ごっそさん。綺麗にプリンを食べ終えた先生は、そう言ってカップとスプーンを置いた。
「ねぇ先生」
「ん?」
「夏休みにわたしが言ったこと、覚えてる?」
「...まあな」
さり気なく、からになったカップから先生へ視線を移す。子供のようで大人のような目の前の男の人は、困ったように笑ってわたしを見ていた。
視線が絡まる。
先に逸らしたのは、わたしだった。
「ずるいよ、先生」
「...ずるいのはどっちだよ」
「...」
行き場をなくした視線が、先生のネクタイの結び目あたりでさ迷う。いつもはあんなに気楽に話しているのに、こういうときは言葉が出てこない。自分の気持ちをうまく伝えられる気が、これっぽっちもしなかった。
「あと、4ヶ月だな、」
「え?」
「苗字が卒業するの」
ねぇ先生。
どういう、意味なの。
「ごっそさん。また来っから」
先生が立ち上がり、スーツの上着を羽織る。いつもの、グレーのよれよれのジャケットだ。
わたしは、何も言えなかった。
ガチャ、バタン。虚しい音が、部屋に響いた。
屋上で先生と会った日以来、自分の気持ちを口に出したことはない。
けれどそれは、確実に大きくなっていた。
シンと静まり返った部屋で、ふいに先生の赤い瞳を思い出した。
気がついたら、部屋を飛び出していた。全速力でマンションの廊下を走り抜け、エレベーターに飛び乗る。
もう、行ってしまっただろうか。
一階に着いたエレベーターを飛び出してマンションのエントランスを出ると、ちょうど先生がスクーターに跨るところだった。
「先生っ!!」
「何、走ってきたの?」
どうし、そこまでいいかけた先生の口をふさいだ。否、ふさぐようにして唇を重ねた。
一度離れ、もう一度口付ける。今度は、深く。
遠慮がちに舌を先生の口内に侵入させれば、すぐに先生のそれで絡めとられた。
「っ、ふ、」
小さな水音と、わたしの口から漏れるかすかな息遣い。それらの音は、夜の住宅街の静けさに飲み込まれていく。
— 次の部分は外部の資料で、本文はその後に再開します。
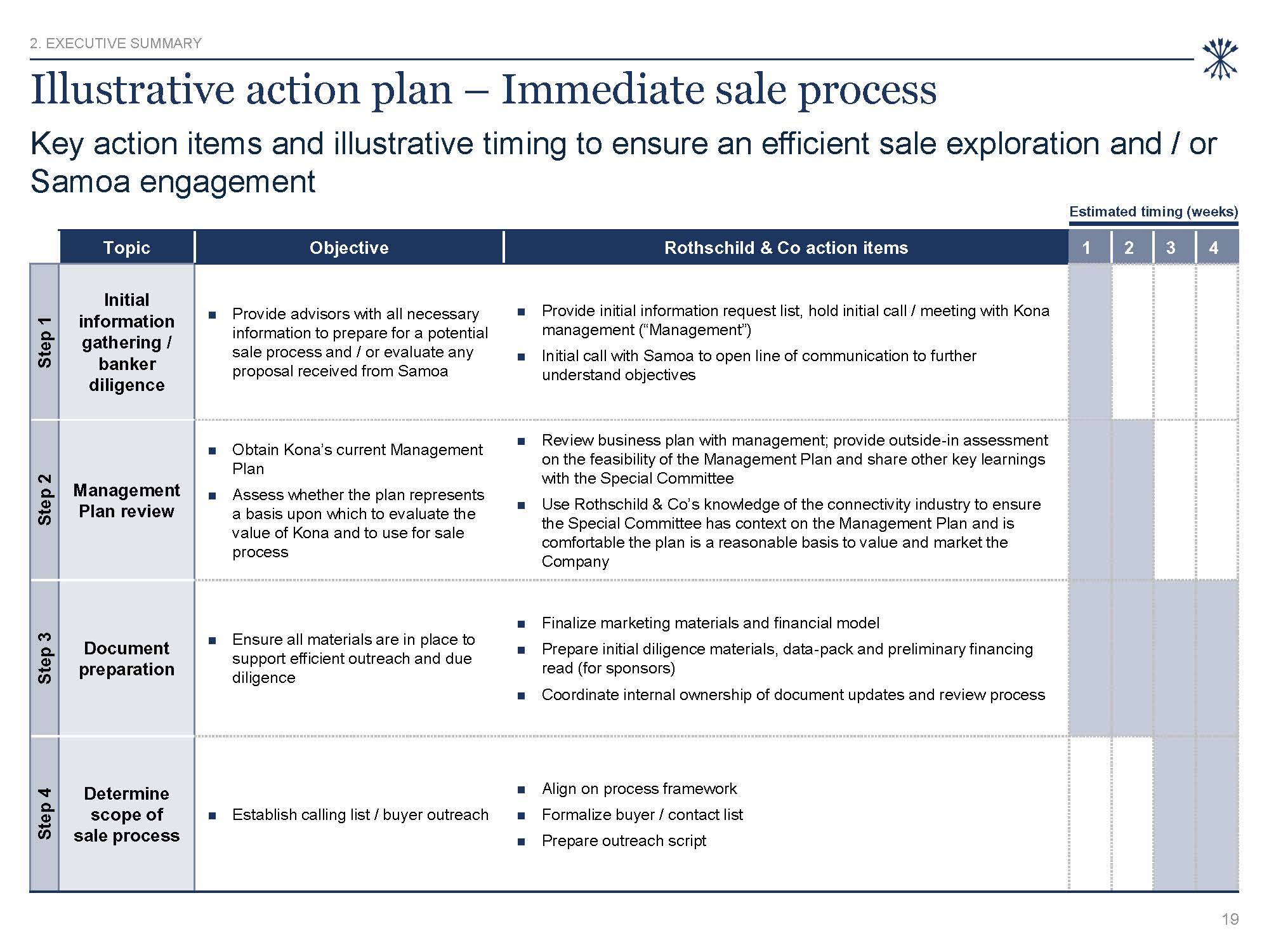 Illustrative action plan – Immediate sale process  Key action items and illustrative timing to ensure an efficient sale exploration and / or Samoa engagement  Estimated timing (weeks)  Topic  Objective  Rothschild & Co action items  1  2  3  4  Step 1  Initial information gathering / banker diligence  Provide advisors with all necessary information to prepare for a potential sale process and / or evaluate any proposal received from Samoa  Provide initial information request list, hold initial call / meeting with Kona management (“Management”)  Initial call with Samoa to open line of communication to further understand objectives  Step 2  Management Plan review  Obtain Kona’s current Management Plan  Assess whether the plan represents a basis upon which to evaluate the value of Kona and to use for sale process  Review business plan with management; provide outside-in assessment on the feasibility of the Management Plan and share other key learnings with the Special Committee  Use Rothschild & Co’s knowledge of the connectivity industry to ensure the Special Committee has context on the Management Plan and is comfortable the plan is a reasonable basis to value and market the Company  Step 3  Document preparation  Ensure all materials are in place to support efficient outreach and due diligence  Finalize marketing materials and financial model  Prepare initial diligence materials, data-pack and preliminary financing read (for sponsors)  Coordinate internal ownership of document updates and review process  Step 4  Determine scope of sale process  Establish calling list / buyer outreach  Align on process framework  Formalize buyer / contact list  Prepare outreach script  2. EXECUTIVE SUMMARY  19

先生の指が、髪の中に差し込まれる。さら、と髪を梳かれて、また差し込まれて、梳かれて。
手が止まると同時に、唇がゆっくりと離れた。
「は、は...せんせ、」
「あーあ、」
もう、戻れない。
先生がわたしの頭を優しく撫でながら、くしゃりと笑った。
「先生...」
「なあ苗字」
「...?」
「先生の為を思うなら、あと4ヶ月、今のことは忘れろ」
「え、それって...」
「俺、教師なんだよこれでも。今お前を受け止めたら、先生どうにかなっちまう」
立場的にも、気持ち的にも。
いつも冗談ばっかの先生が、やけに真面目に言う。わたしは、頷いた。頷いてしまった。
先生。わたし、自惚れていいんだよね?期待していいんだよね?
「いいこだな、」
そう言って、先生はまたわたしの頭をくしゃりとかき混ぜた。